Department of Anaesthesia and Critical Care, Tata Main Hospital, Jamshedpur.
Department of Anaesthesia and Intensive Care.
J Neurosurg Anesthesiol. 2020 Jul;32(3):242-248. doi: 10.1097/ANA.0000000000000583.
In the evolving research into cervical spine mechanics during airway intervention, new devices are being constantly added to the armamentarium of anesthesiologists. In this study we compared cervical spine movement during orotracheal intubation using an intubating laryngeal mask airway (LMA Fastrach) assisted flexible bronchoscope or video laryngoscope.
In total, 40 consenting patients without history of abnormalities of cervical spine and planned for elective neuroradiologic interventions in the angiography suite were enrolled in this randomized crossover trial. Every patient was subjected to LMA Fastrach-guided flexible bronchoscopic as well as video laryngoscopy guided intubation. Cervical spine motion at the occipital bone, C1-C5 vertebrae, the occiput-C1, C1-C2, C2-C3 and C4-C5 junctions was investigated using continuous fluoroscopy during intubation. The primary outcome of the study was combined craniocervical motion from occiput to C5 between the 2 intubation techniques.
There was less (62%) combined craniocervical movement from occiput to C5 during the LMA Fastrach-flexible bronchoscopy-guided technique as compared with video laryngoscopy-guided intubation (17.55±14.23 vs. 28.95±11.58 degrees, respectively; P<0.001). The LMA Fastrach flexible bronchoscopy-guided technique also produced significantly less movement as compared to the video laryngoscope at the occiput-C1 (9.75±8.59 vs. 15.00±10.48 degrees; P=0.000) and C1-C2 level (3.95±7.51 vs. 7.53±9.1 degrees; P=0.003).
There was significantly less movement in the craniocervical and upper cervical spine during LMA Fastrach assisted flexible bronchoscopic intubation compared to video laryngoscopic intubation.
在不断发展的气道介入颈椎力学研究中,麻醉医师的武器库中不断加入新的设备。在这项研究中,我们比较了使用插管型喉罩气道(Fastrach LMA)辅助柔性支气管镜或视频喉镜进行经口气管插管时颈椎的运动。
共有 40 名无颈椎异常病史并计划在血管造影室进行神经放射学干预的患者参与了这项随机交叉试验。

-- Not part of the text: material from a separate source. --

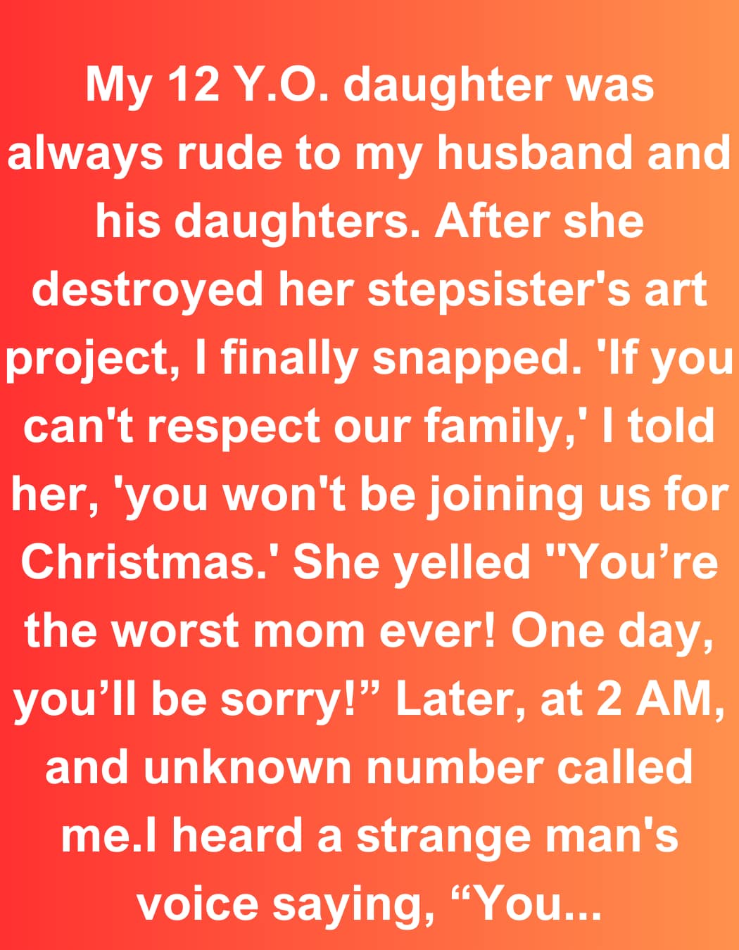 Her words stung, and I finally snapped, “If you can’t respect our family, you won’t be joining us for Christmas.’ When she heard that she couldn’t come for Christmas this year, that’s when things blew up.

每位患者均接受了 Fastrach LMA 引导下的柔性支气管镜检查和视频喉镜引导下的插管。在插管过程中使用连续透视法研究枕骨、C1-C5 椎体、枕骨-C1、C1-C2、C2-C3 和 C4-C5 交界处颈椎运动。该研究的主要结果是两种插管技术之间从枕骨到 C5 的颈椎运动。

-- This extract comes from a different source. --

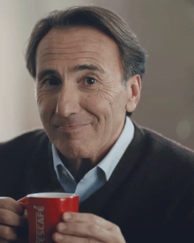 Angelo Bruno smiles while holding a red Nescafe mug, embodying the start of a good day.

Fastrach 柔性支气管镜引导技术的颈椎运动幅度(从枕骨至 C5)较视频喉镜引导插管明显减少(62%,分别为 17.55±14.23°和 28.95±11.58°,P<0.001)。Fastrach 柔性支气管镜引导技术与视频喉镜相比,在枕骨-C1(9.75±8.59°和 15.00±10.48°,P=0.000)和 C1-C2 水平(3.95±7.51°和 7.53±9.1°,P=0.003)的运动幅度也明显减小。
Fastrach 辅助柔性支气管镜插管时颈椎和上颈椎运动明显减少。